This summer, we are replacing 1,500 computers! That means 1,500 older computers are being resold to a company. These machines currently have our OS, applications, some personal data, and other information stored on them. Because we lock down our BIOS, the company buying them can’t use a CD/USB drive to wipe them. If the company wanted to reset the BIOS, they would have to remove the jumper on any Desktops and would probably need our BIOS password on any laptops. Instead of manually wiping these machine and resetting the BIOS, let’s automatically format computer with MDT!
In the picture above, you’ll notice that we have a task sequence named Format. This task sequence really only does two things: formats the drive and remove certain BIOS settings. Here is how you can create one:
Step 1: Create the Task Sequence
You will want to create a new task sequence first. Your template will be the Standard Client Task Sequence. When you select your OS, pick your most commonly deployed OS and proceed through the wizard. Your main goal here is just to get a task sequence that you can edit.

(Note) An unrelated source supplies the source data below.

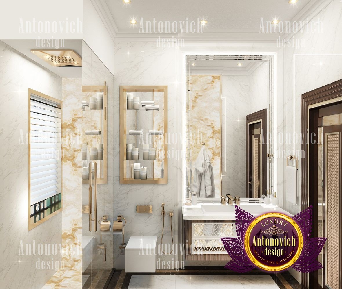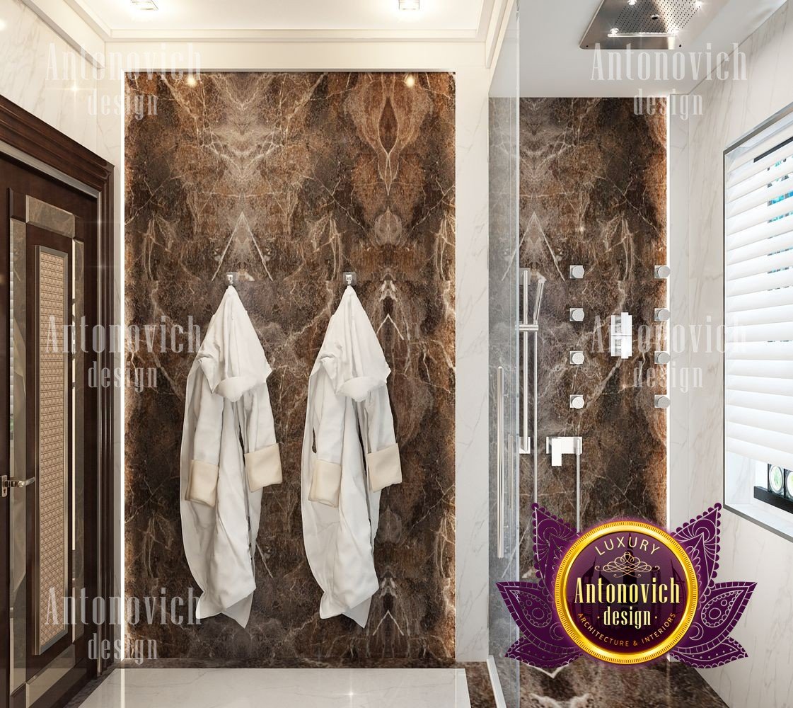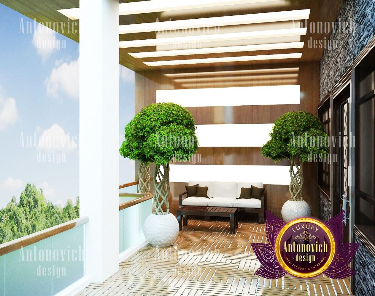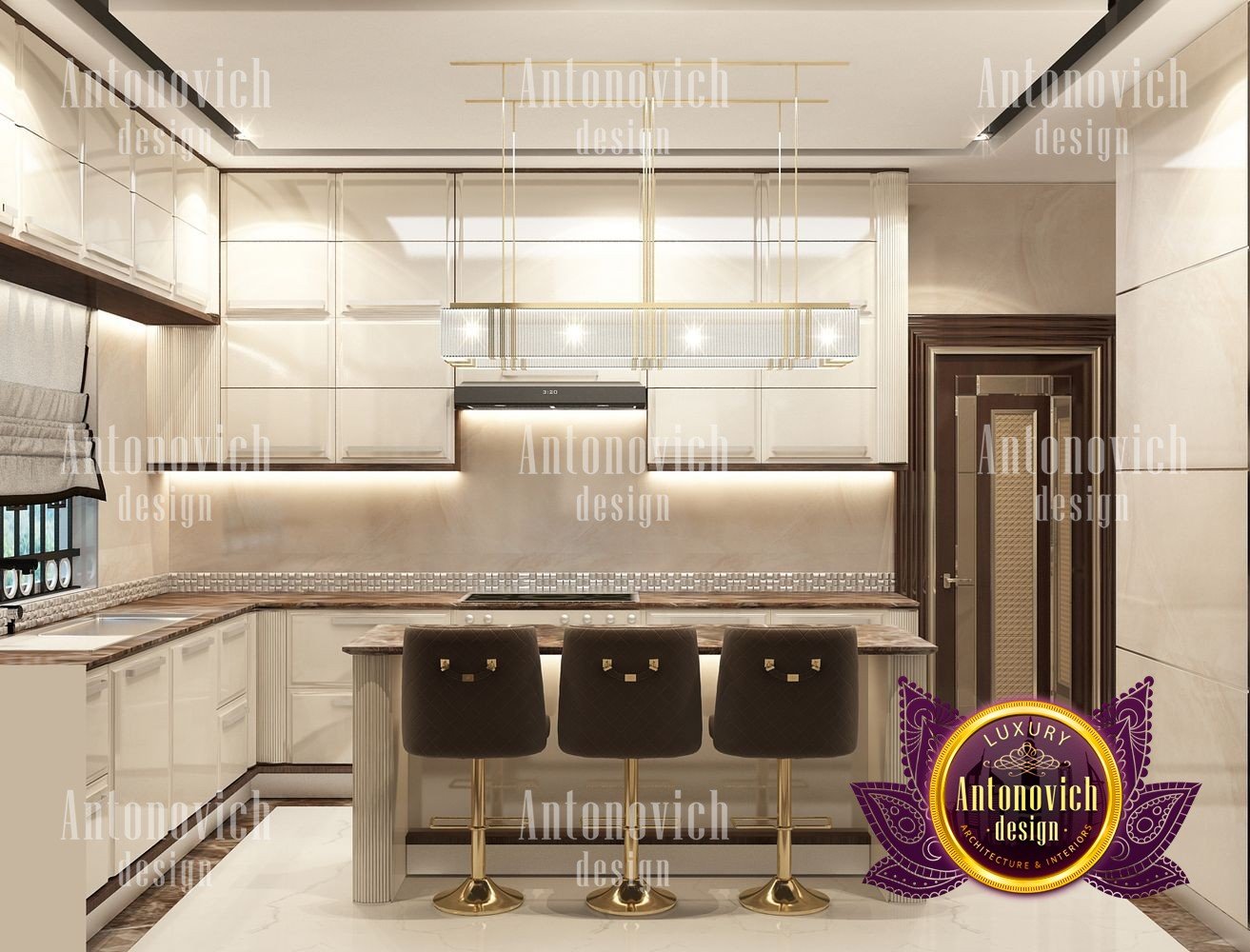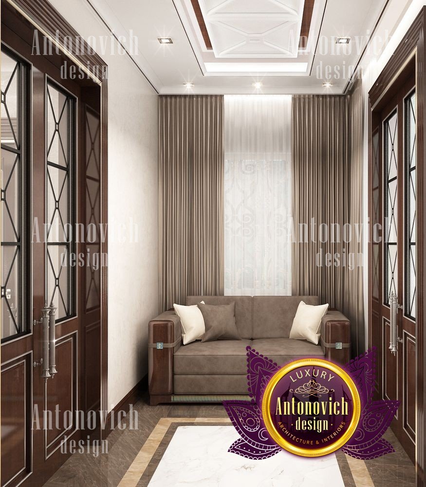 The versatile and luxurious villa project in the UAE is made with Art Deco accents with stylish contemporary style. The owners are people with bright and extraordinary character, who perceive great new things and willing to experiment. UAE interior designers had a task to create a comfortable and luxurious house in which every member of a large and happy family, and their friends will feel comfortable. Villa design UAE adjusts to light and festive mood in the living room, relaxes and soothes in the bedroom, invigorates in the home spa area and pleases with the comfort and aesthetic perfection in every square meter. Interior designers offered a living room in the first floor to divide into two zones. A seating area by the fireplace looks particularly striking and luxurious. In creating such a brilliant image an important role is played by furniture in visionary style. At the luxurious marble fireplace there is a comfortable sofa and two exquisite high-backed chairs. The design of the first floor is in the same motives. In the ceiling decoration decorative plaster with the velvet texture and elegant crystal chandeliers with decorative feathers look luxurious. The space of the hall is separated by exquisite columns and curtains of crystal beads. The villa design takes into account all the wishes of its owners, largely surpassing their wildest dreams. Luxury villa on the second floor is complemented by another living room. The combination of bright and luxurious images of each room makes this project unique and charm.
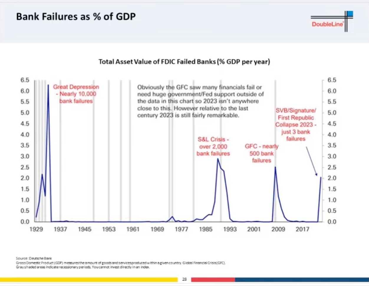 今回、ガンドラック氏は3月に経営破綻した銀行の資産規模がGDPに占める比率というデータを持って、その影響の大きさを語りました。
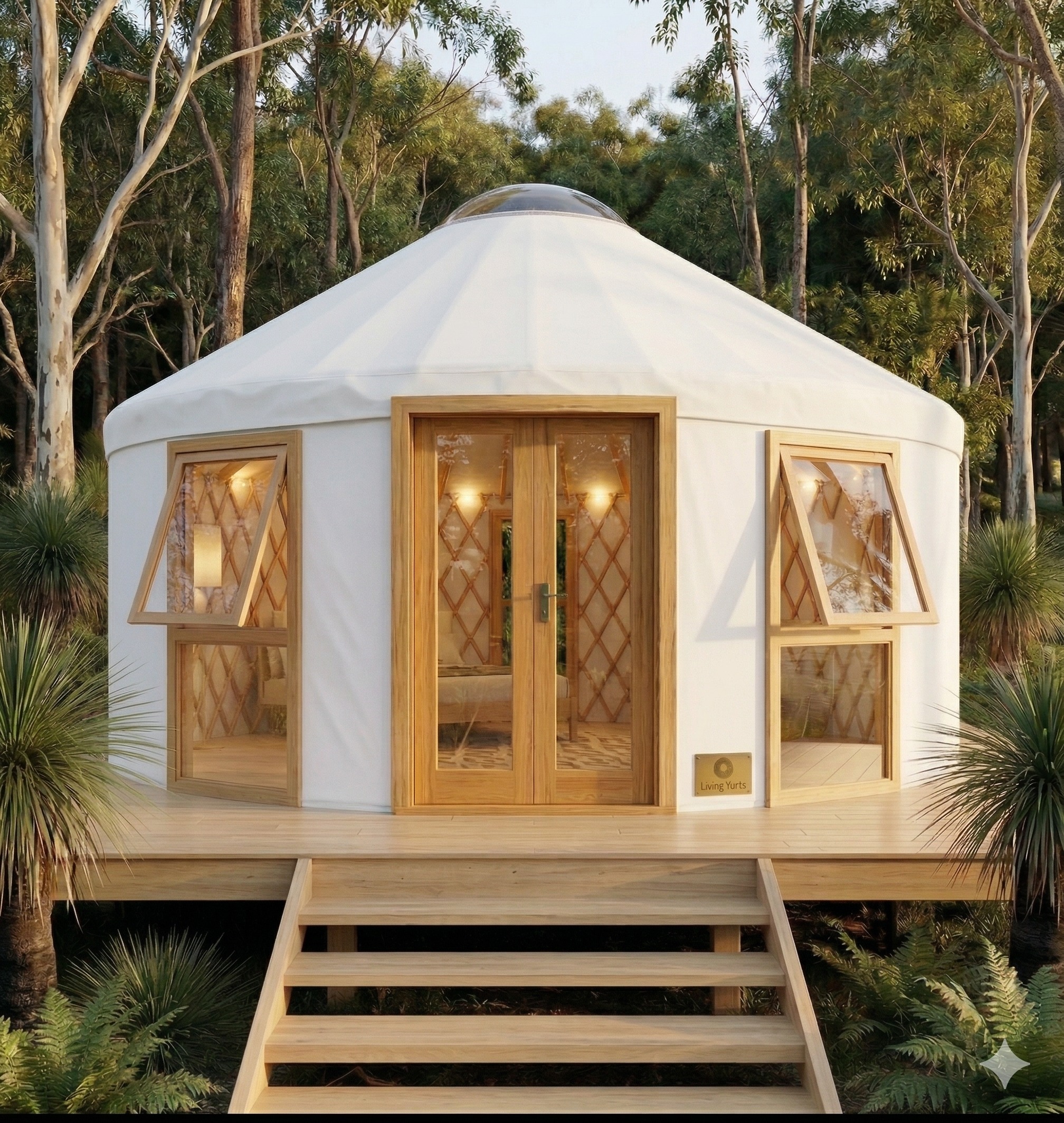 use the same yurt but delete the double door and create this window door configuration instead from left to right 1 timber awning window like in the render above 800mm wide 2 fixed panel exactually like the timber window but just a full glass panel 800mm wide 3 single door opening inward 800mm wide full glass panel 4 timber awning window the same as no 1 all the windows and doors are togeather connected
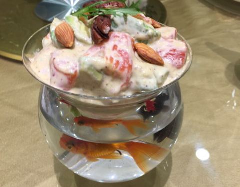 与朋友在遵义南路88号协泰中心三楼的顺风大酒店聚会,这是阔别顺风后的第一次。 如今的协泰中心内部看上去有点陈旧,但进入顺风后,其装修装饰等倒是感觉耳目一新,气势蛮大的。 看了菜单,️过去熟悉的,️推陈出新的,因此,照着这个思路,兼而有之。出菜的速度很快,首先第一感觉是,顺风现在的菜盘,摆盘很漂亮,也很标新立异,视觉效果很好。 因为视觉好,味蕾很快打开,我们按照上菜节奏,逐一品尝。 今天点的菜基本按照每人一冷一热的比例,一开始还担心量不够,但此担心已被足足的菜量所打消。 冷菜的色香味都很好,如手撕上海咸鸡、老醋海蜇头、墨鱼大烤,尤其是牛油果三文鱼,不但食材新鲜,酱料调得好,托盘用的是有两条小鱼游动的小鱼缸,立意独特! 热菜的色香味总体也很好,如葱油红膏蟹、石烤虾、干煎小鲳鱼、鳝糊、红烧肉、蜗牛土豆泥、草鸡蛋炒木耳等,但鲍汁凤爪虽酥烂,鲍汁味不够浓郁;煎臭豆腐过于焦黄,味道有点苦。这两只菜无伤全局,相信顺风以后一定会注意的。 在这次就餐中,服务人员中规中矩,热情细致,应该点赞
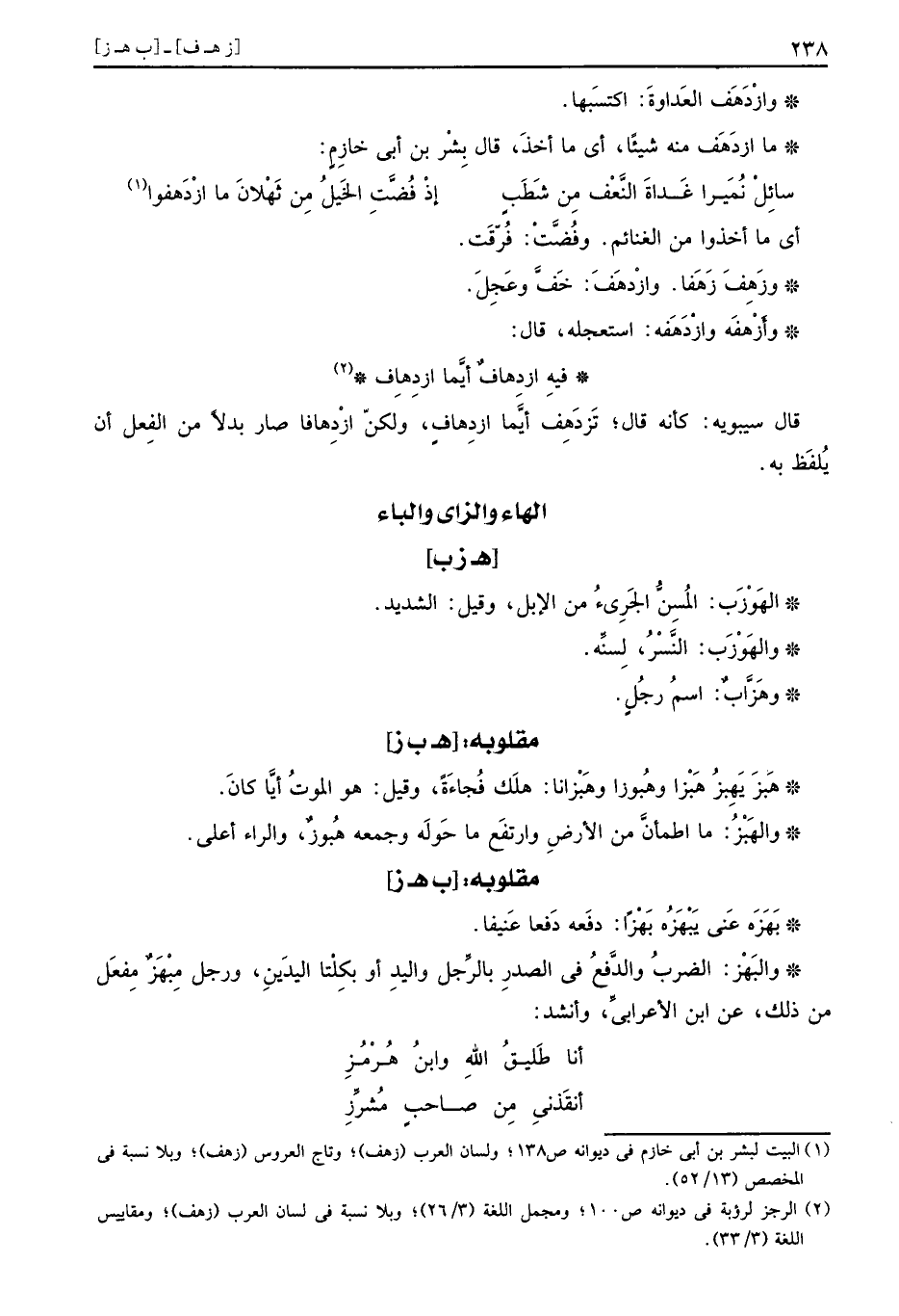 وزَهِفَ زَهَفا. وازْدهَفَ: خف وَعجل.
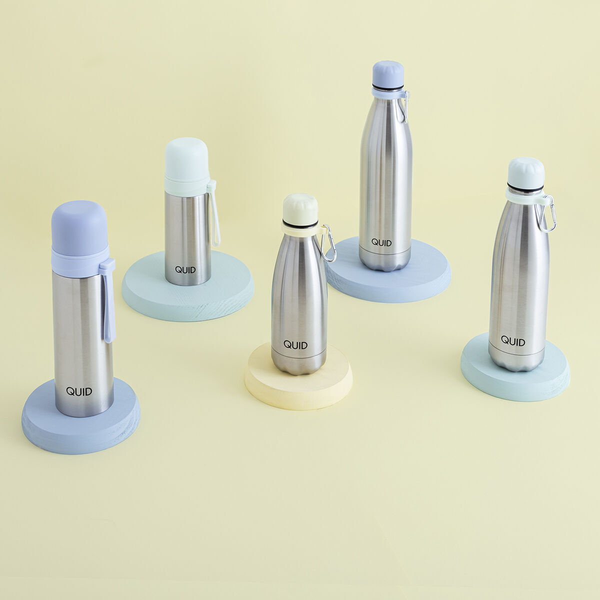 * **Materiale resistente e isolante:** Realizzato in metallo (probabilmente acciaio inossidabile, come suggerito dalla ricerca online per thermos simili di Quid), il thermos è robusto e, quasi certamente, dotato di doppia parete per un'efficace conservazione della temperatura di bevande calde o fredde.
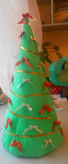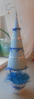 И еще с Алеськой вместе сделали две новогодние елочки)) Вот эта из гофрированной бумаги
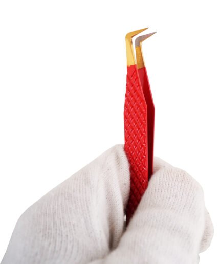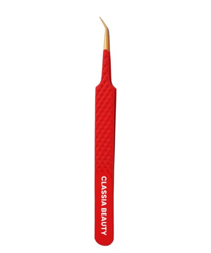 Nano 45-degree eyelash extension tweezer with Gold Tip (Red)
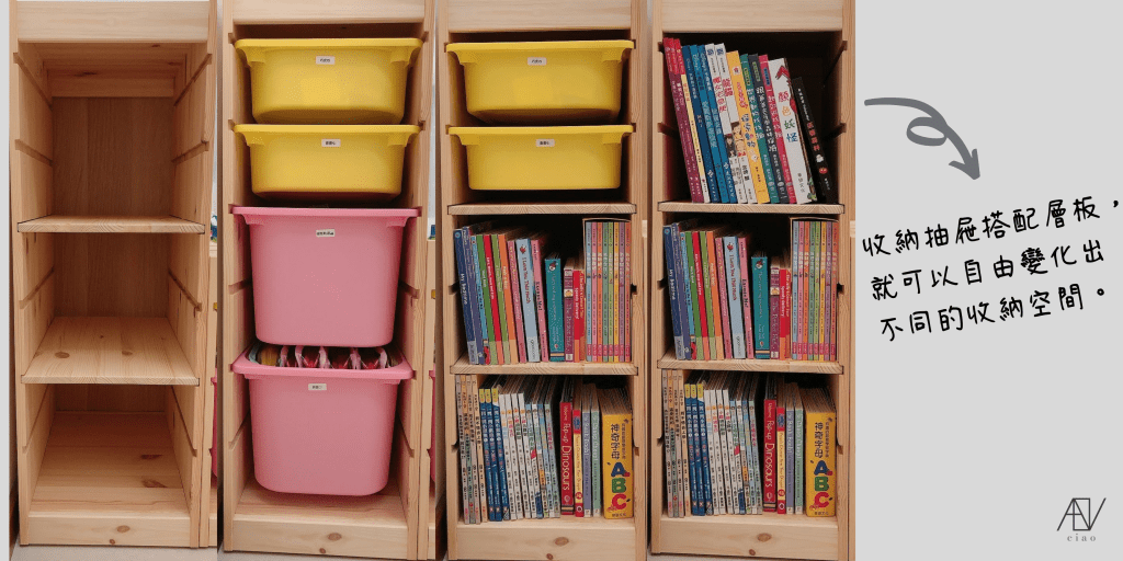 説到收納兒童用品,最重要的就是先選擇一個適合的收納家具,而IKEA的收納櫃我覺得CP值非常高,價錢不會太貴,且選擇不同的配件就能夠自由變換收納方式,更結合了成長型家具的特色,可說是一櫃多用!
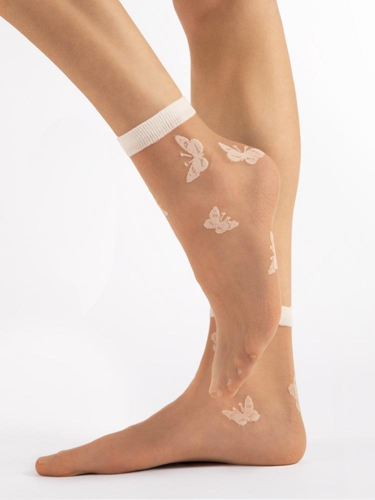 Cieniutkie i transparentne skarpetki we wzór motyli skoncentrowanych wokół prostego, gładkiego ściągacza, czyli tak aby eksponować je blisko kostki. Pasują do wszystkich wiosennych i letnich butów.
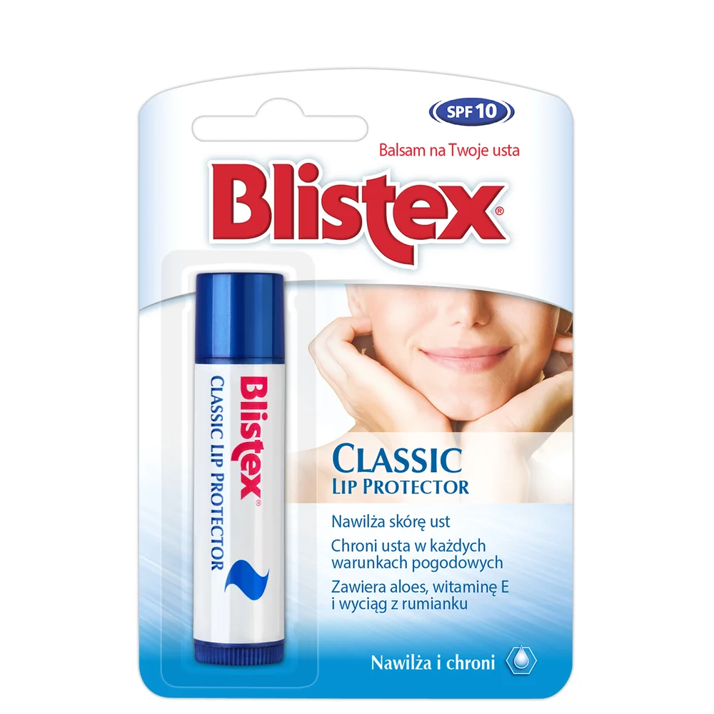 BLISTEX CLASSIC Balsam do ust skutecznie nawilża dzięki zawartości wyciągu z liści aloesu chroni usta w każdych warunkach pogodowych, szczególnie przed działaniem niskich temperatur, wiatru i słońca. Zabezpiecza usta przed przesuszeniem spowodowanym przebywaniem w klimatyzowanych pomieszczeniach; pielęgnuje skórę ust dzięki zawartości witaminy E i wyciągu z rumianku; zawiera filtr SPF 10, który chroni przed szkodliwym działaniem promieni UVB.Stosowanie produktu
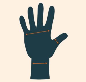 A indiquer dans le formulaire de commande : couleur, largeur du poignet, largeur du pouce, largeur de la main (de la base de l’index à la base de l’auriculaire) et éventuelles décorations
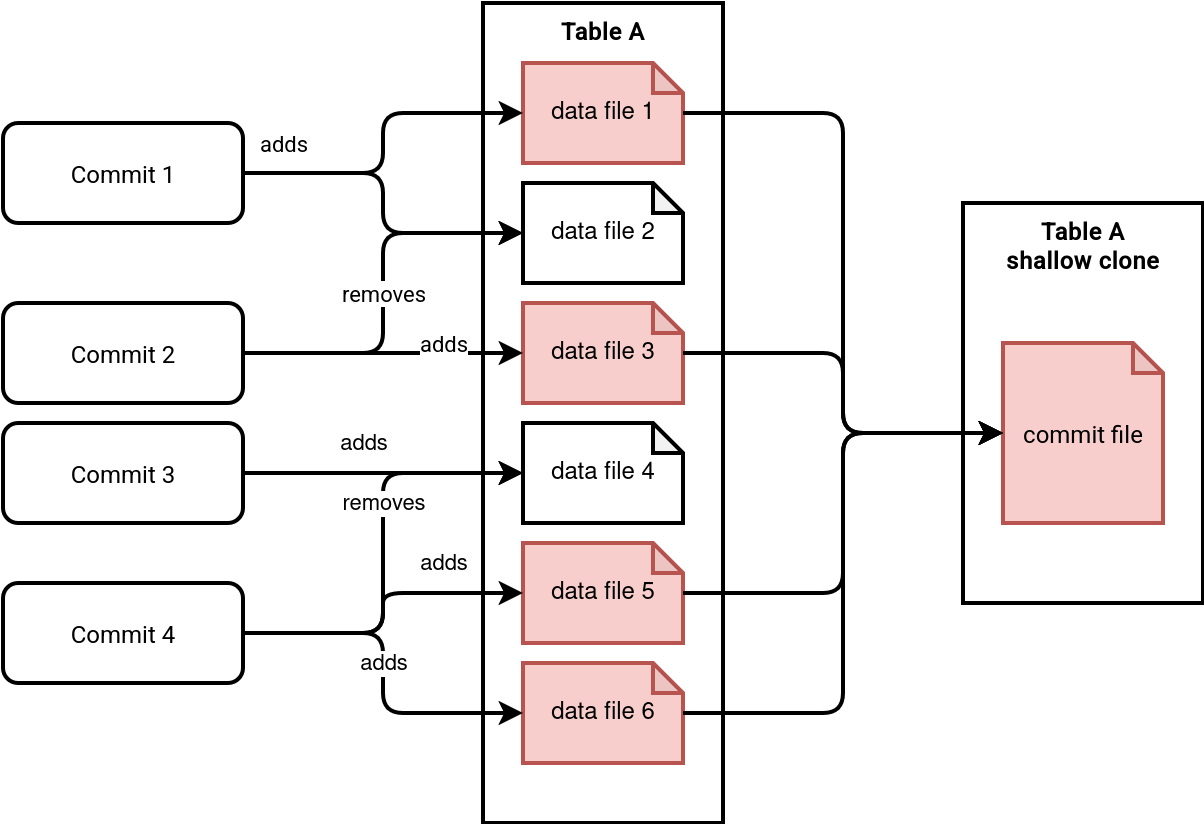 class CloneDeltaSource( sourceTable: DeltaTableV2) extends CloneSource { // ... private val deltaLog = sourceTable.deltaLog private val sourceSnapshot = sourceTable.initialSnapshot def allFiles: Dataset[AddFile] = sourceSnapshot.allFiles // ... abstract class CloneTableBase(sourceTable: CloneSource, tablePropertyOverrides: Map[String, String],targetPath: Path) extends LeafCommand with CloneTableBaseUtils with SQLConfHelper { // ... protected def handleClone(spark: SparkSession, txn: OptimisticTransaction, destinationTable: DeltaLog, hdpConf: Configuration, deltaOperation: DeltaOperations.Operation, commandMetrics: Option[Map[String, SQLMetric]]): Seq[Row] = { val addedFileList = { val toAdd = sourceTable.allFiles // absolutize file paths handleNewDataFiles(deltaOperation.name, toAdd, qualifiedSource, destinationTable).collectAsList() } val addFileIter = addedFileList.iterator.asScala var actions: Iterator[Action] = addFileIter.map { fileToCopy => val copiedFile = fileToCopy.copy(dataChange = dataChangeInFileAction) // CLONE does not preserve Row IDs and Commit Versions copiedFile.copy(baseRowId = None, defaultRowCommitVersion = None) } recordDeltaOperation( destinationTable, s"delta.${deltaOperation.name.toLowerCase()}.commit") { txn.commitLarge( spark, actions, Some(newProtocol), deltaOperation, context, commitOpMetrics.mapValues(_.toString()).toMap) }
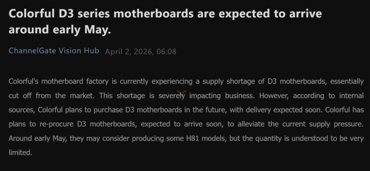 În același timp, Colorful analizează revenirea la plăci de bază bazate pe DDR3, pe fondul dificultăților din lanțul de aprovizionare și al creșterii costurilor pentru memoriile mai noi.

Step 2: Start Deleting Phases
Your task sequence will start with seven phases. Delete all of the phases except: Initialization, Validation, and PreInstall. Expand the PreInstall phase and disable the Copy scripts task. You will also want to disable the Inject Drivers and Apply Patches tasks. This will shave some time off of the task sequence.
Add a new task to Restart the Computer. This task can be found under Add and then General. Move this task to the end of the Task Sequence.
Step 3: Get your BIOS Tools
So far, you have a task that formats and repartitions the hard drive. If you have a BIOS password, you’ll want to remove it from your old machines. This step will work for Dell machines. To have it fit another manufacture, just substitute the BIOS configuration tool that we use below.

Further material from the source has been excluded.